NSW Police union backs toughening of child neglect sentences after Wollongong 'house of horrors' case

The NSW Police Association is backing an Illawarra Mercury campaign to increase sentencing penalties for parents convicted of child neglect, as new research shows officers are at the forefront of identifying such cases in the community.

The Australian Institute of Health and Welfare’s 2016-17 Child Protection Australia report says police officers accounted for 21 per cent of total notifications to child protection services – more than teachers, social workers, doctors or family members.

However, where cases of neglect end in criminal charges in NSW, parents and caregivers in all but the most extreme cases will walk away with only a monetary fine due to the limited sentencing options available under the current legislation.

The Mercury’s State of Neglect campaign is calling on the NSW Government to include jail terms for serious child neglect cases after a Wollongong magistrate expressed frustration at only being able to issue a fine to an Illawarra mother who allowed her children to live in extreme squalor.

Changing the legislation to include jail sentences would allow judicial officers to consider alternative, community-based orders in lieu of prison, such as supervised court bonds that would require an offender to attend rehabilitation or counselling.

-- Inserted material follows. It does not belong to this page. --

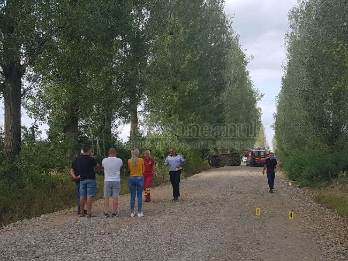 În spate, la câteva zeci de metri de acest loc se aflau soțul ei și fiul lor de 25 de ani. Toți trei fuseseră în mașina care s-a răsturnat pe un drum județean cu mult pietriș, dificil de condus din cauza pericolului de derapaj.

The Mercury understands the move has strong support from many rank and file officers in the Illawarra.

Family and Community Services minister Pru Goward has so far refused to publicly commit to introducing new laws to parliament but has ordered a FACS review into the adequacy of the current options.

The NSW Police Association’s Wollongong delegate, Jason Hogan, said any changes – along with additional resources to implement them – would be welcomed by police.

“We support any review that will lead to the judiciary having a range of appropriate sentencing options for matters of child neglect,” he said.

“It must be open to the bench to take action against those who seriously fail in their obligation to care for our most vulnerable people – their kids.

“FACS needs to be properly resourced to respond to children identified by police and other agencies as at risk of harm. When FACS intervention does not improve the situation the courts must have the ability to punish those who continue to neglect their kids”.